DATA EXTRACT:
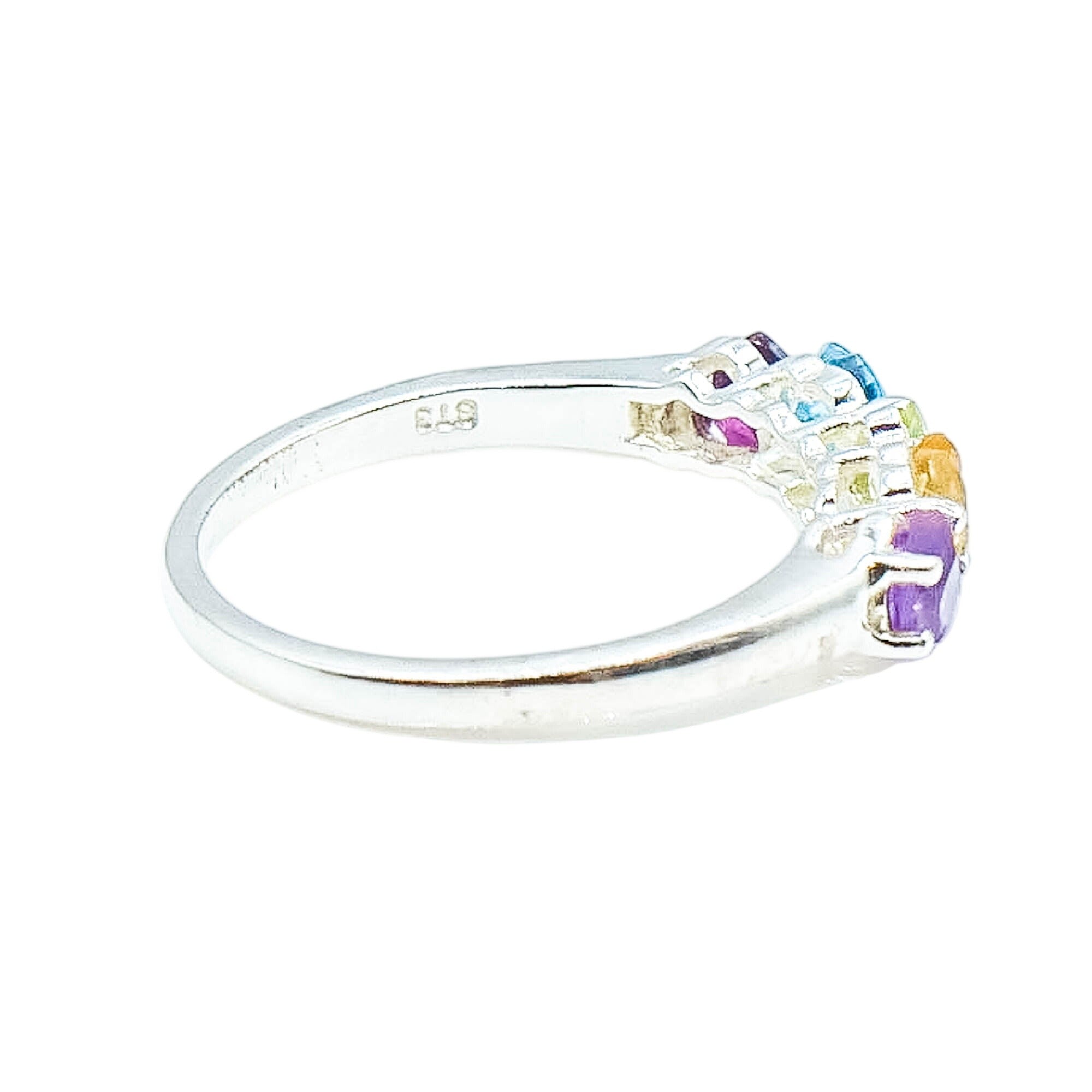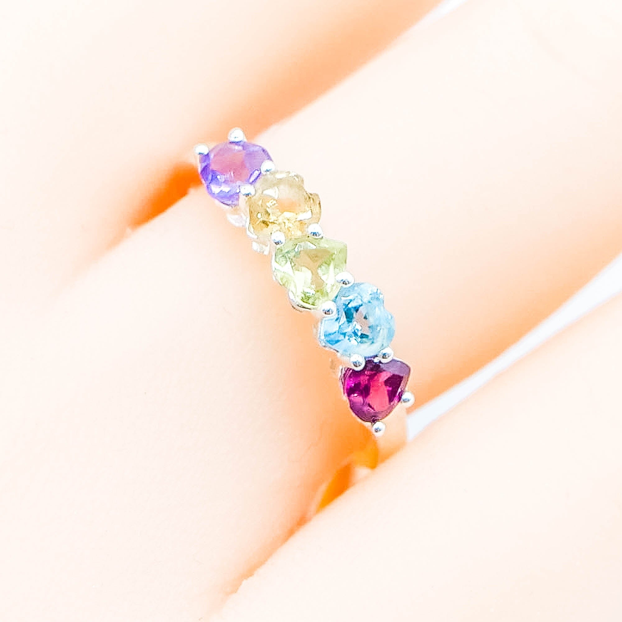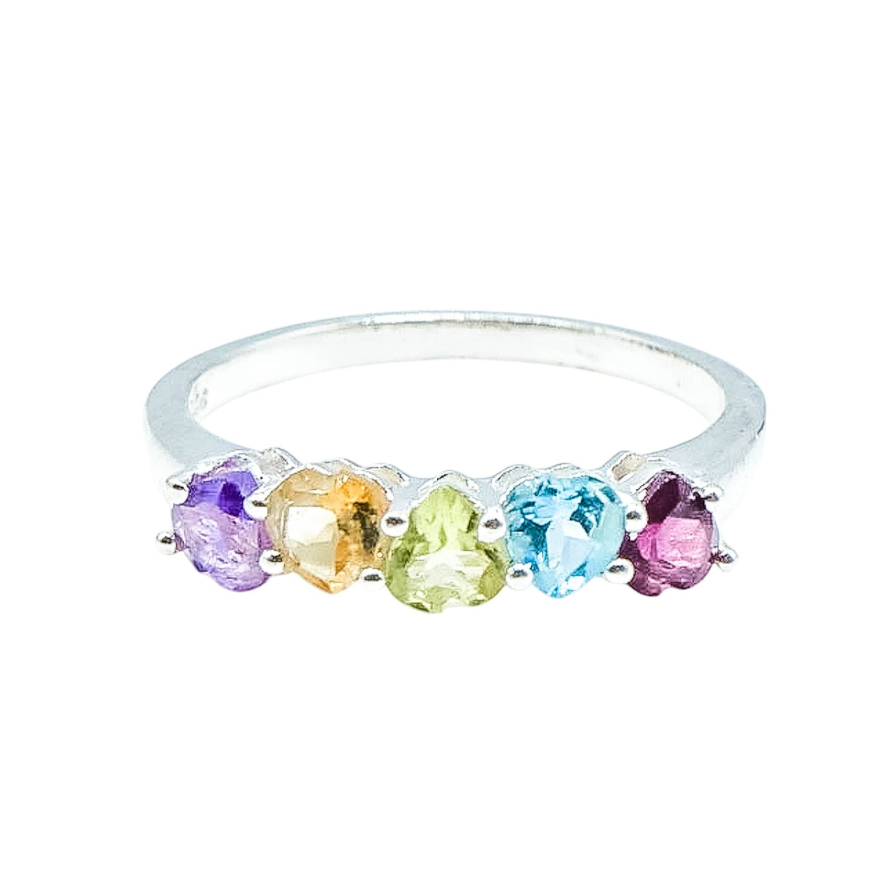 Color your world with this charming Sterling Silver Multi-Gemstone Ring featuring five heart-shaped natural gemstones in a stunning rainbow palette. Each stone represents a different energy and personality, making this ring the perfect expression of love, joy, and balance.
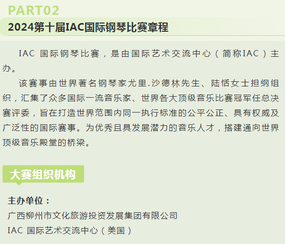 2024第十屆IAC國際鋼琴音樂節(jié)活動流程及比賽章程 發(fā)布時間:2024年05月30日 19時來源:本站原創(chuàng)瀏覽:845 人次
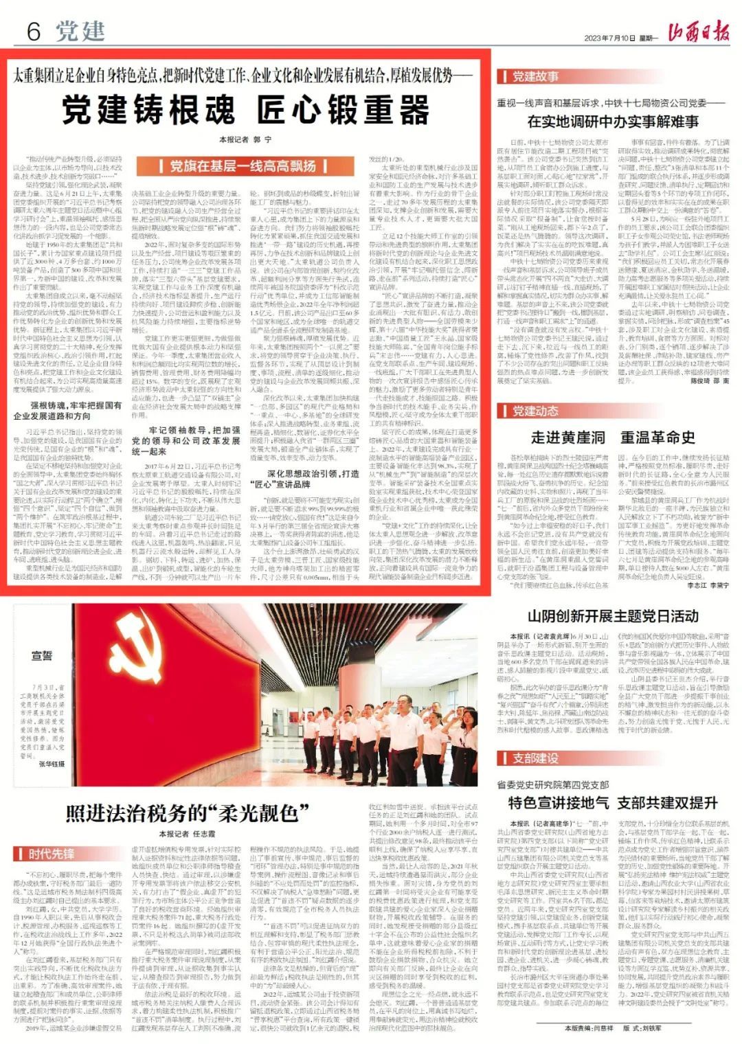 今天,山西日报刊发《党建铸根魂 匠心锻重器》文章,聚焦太重集团以习近平新时代中国特色社会主义思想为指引,认真学习贯彻党的二十大精神,充分发挥党组织政治核心、政治引领作用,扛起建设先进文化的责任,立足企业自身特色和亮点,把新时代党建工作和企业文化建设有机结合起来,实现高质量高速度发展,向着建设具有国际一流竞争力的现代智能装备制造企业目标阔步迈进。
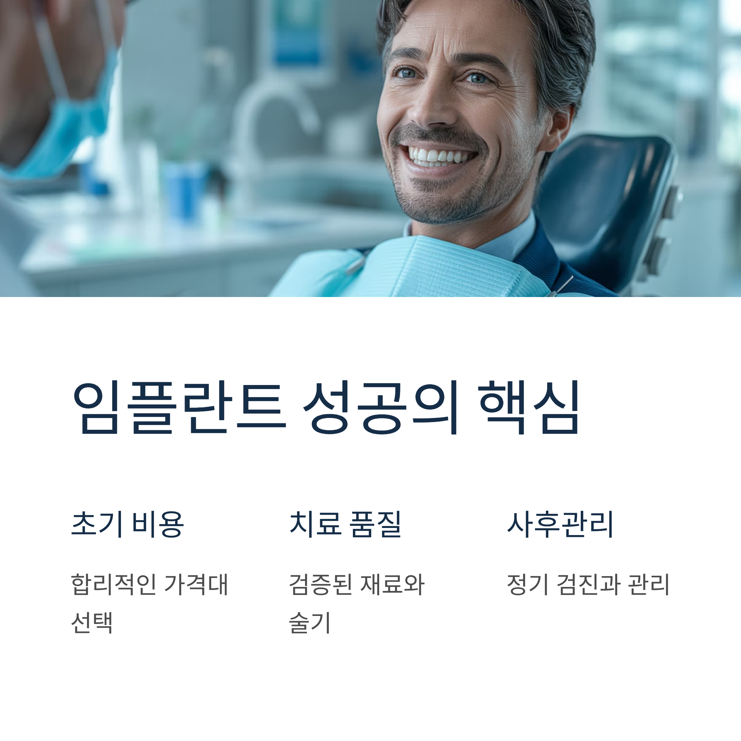 비용만 보고 결정하기보다는 전체 치료계획과 포함 항목을 꼼꼼히 비교해야 합니다. 임플란트는 초기 비용이 크지만 10년 이상 사용할 수 있는 장기 투자이므로, 품질과 사후관리를 우선 고려하는 것이 현명합니다.
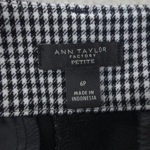 Anne Taylor Factory Pants Women's 6 Petite Black Checkered Stretch Curvy Chino
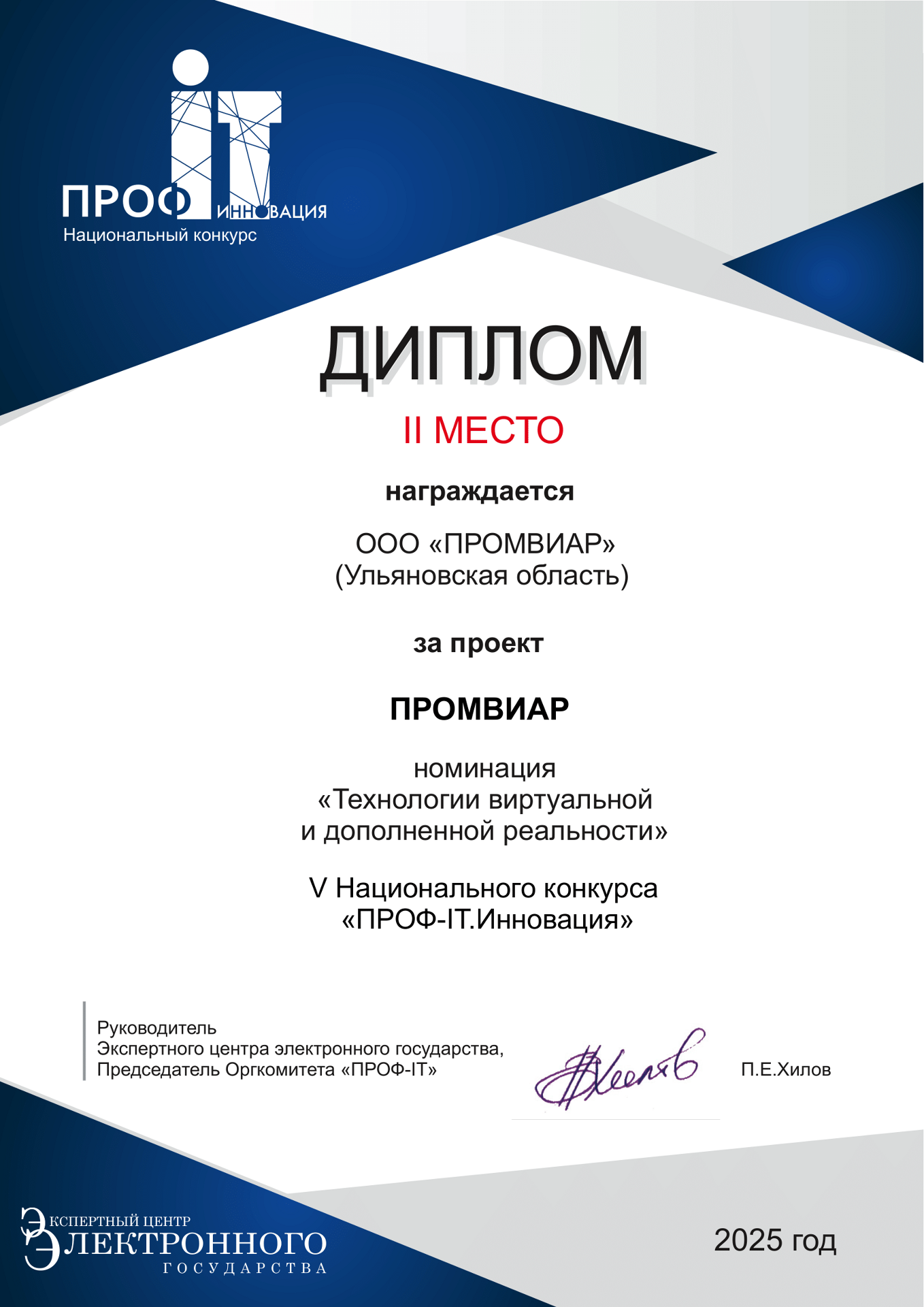 Уже второй год подряд компания «ПРОМВИАР» принимает участие в национальном конкурсе ИТ-решений «ПРОФ-IT.Инновация» в номинации «Технологии виртуальной и дополненной реальности» и входит в число финалистов. Конкурс направлен на выявление и популяризацию инновационных решений в области цифровизации, которые могут быть использованы в государственном и муниципальном управлении.
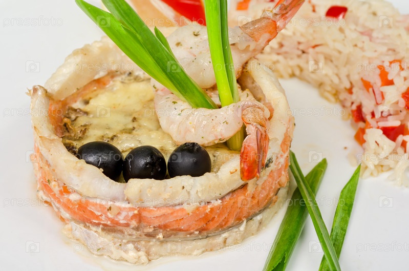 Блюдо из морепродуктов, риса и овощей крупным планом
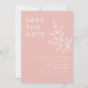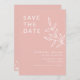 Minimal Elegant Blush Pink Save The Date Photo. Stylish minimalist save the date Photo card with simple elegant font and foliage in blush pink and white, easily editable template,
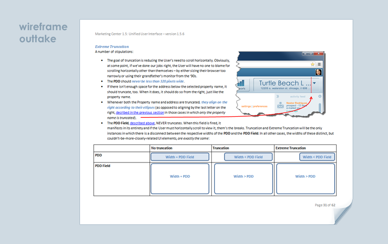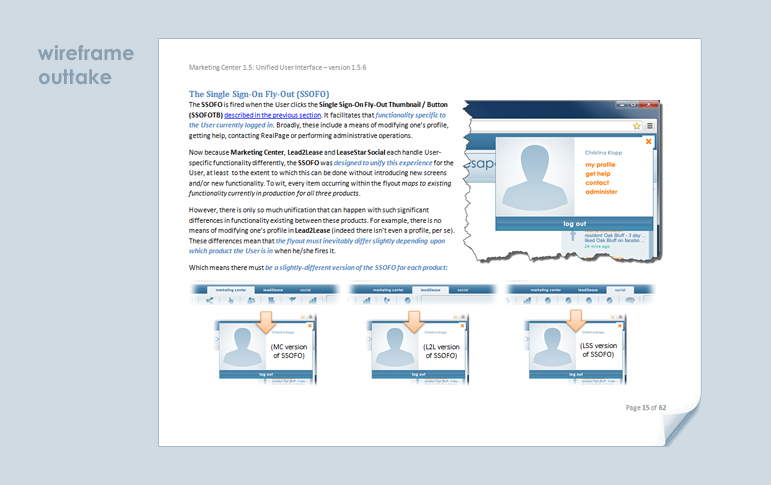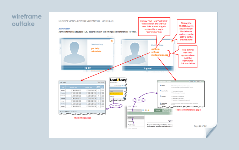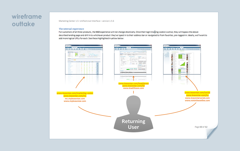 In the spring of 2013 I was tapped to unify the experience of three discrete legacy applications in to one SaaS enterprise suite. Clients would be in attendance at the annual company-wide mid-summer expo and we had to convince them - as well as Wall Street - that such an undertaking was something my employer, RealPage, could pull off with the resources we had in place. The suite didn't need to be completely engineered for summer. It just needed to prove that a phased solution could still serve the three distinct User-bases while such engineering was in progress. So my first job was to get every single stakeholder looking at the same document so there could be no confusion. The document had to serve as a wireframe, as a strategy document and as an educational tool. We met our goal for summer and this is the document that helped us do it.
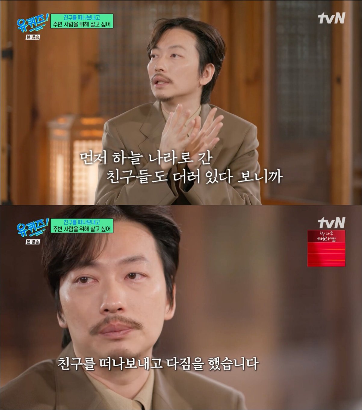 배우 이동휘가 tvN 예능 프로그램 '유 퀴즈 온 더 블럭'에 출연하여 먼저 세상을 떠난 동료 배우 고(故) 나철을 회상하며 뜨거운 눈물을 보였습니다. 그는 '하늘나라로 간 친구들을 떠나보내고 운구를 마치고 돌아온 날, 내 주변 사람들을 더 챙기며 살자고 다짐했다'며 깊은 슬픔을 드러냈습니다. 나철 배우는 지난 2023년 1월, 36세의 젊은 나이에 건강 악화로 갑작스럽게 세상을 떠났습니다.
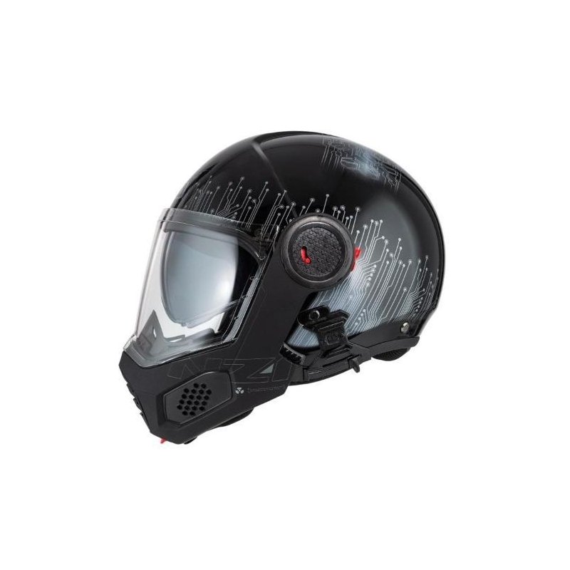 Mecanismo de cierre de protección maxilar abatible de metal reforzado. Sistema de retención reforzado, para mantener el casco en su lugar sobre la cabeza del motociclista sea cual sea la dirección de donde provengan los impactos. Señalizador reflectante, evitará accidentes por alcance.
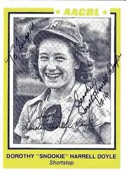 Dorothy Harrell (February 4, 1924 – September 15, 2011) was a shortstop who played in the All-American Girls Professional Baseball League. Listed at 5 4", 127 lb., Harrell batted and threw right-handed. After being married she played under the name of Dorothy Doyle.[1][2]
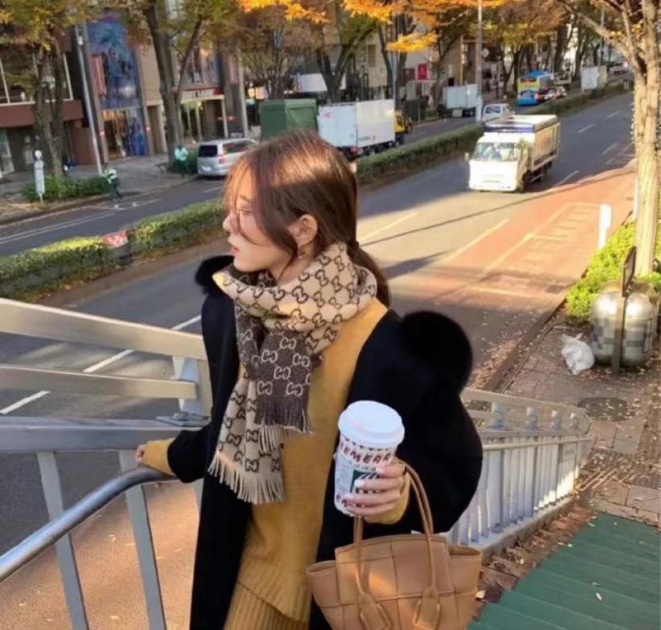 L家新款大logo羊毛流蘇圍巾
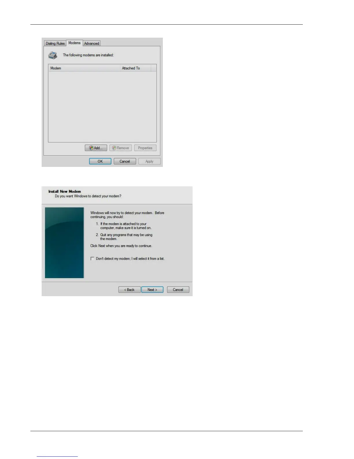 5. On the Install New Modem panel, click Don’t detect my modem, I will select it from a list.

PROBLEM DESCRIPTION: Copy exactly the material above from the line with "In the spring" to the line with "배우 이동휘가 tvN", ends included, and nothing else. Leave out any picture.

ANSWER FOR THE TASK:
 In the spring of 2013 I was tapped to unify the experience of three discrete legacy applications in to one SaaS enterprise suite. Clients would be in attendance at the annual company-wide mid-summer expo and we had to convince them - as well as Wall Street - that such an undertaking was something my employer, RealPage, could pull off with the resources we had in place. The suite didn't need to be completely engineered for summer. It just needed to prove that a phased solution could still serve the three distinct User-bases while such engineering was in progress. So my first job was to get every single stakeholder looking at the same document so there could be no confusion. The document had to serve as a wireframe, as a strategy document and as an educational tool. We met our goal for summer and this is the document that helped us do it.
 배우 이동휘가 tvN 예능 프로그램 '유 퀴즈 온 더 블럭'에 출연하여 먼저 세상을 떠난 동료 배우 고(故) 나철을 회상하며 뜨거운 눈물을 보였습니다. 그는 '하늘나라로 간 친구들을 떠나보내고 운구를 마치고 돌아온 날, 내 주변 사람들을 더 챙기며 살자고 다짐했다'며 깊은 슬픔을 드러냈습니다. 나철 배우는 지난 2023년 1월, 36세의 젊은 나이에 건강 악화로 갑작스럽게 세상을 떠났습니다.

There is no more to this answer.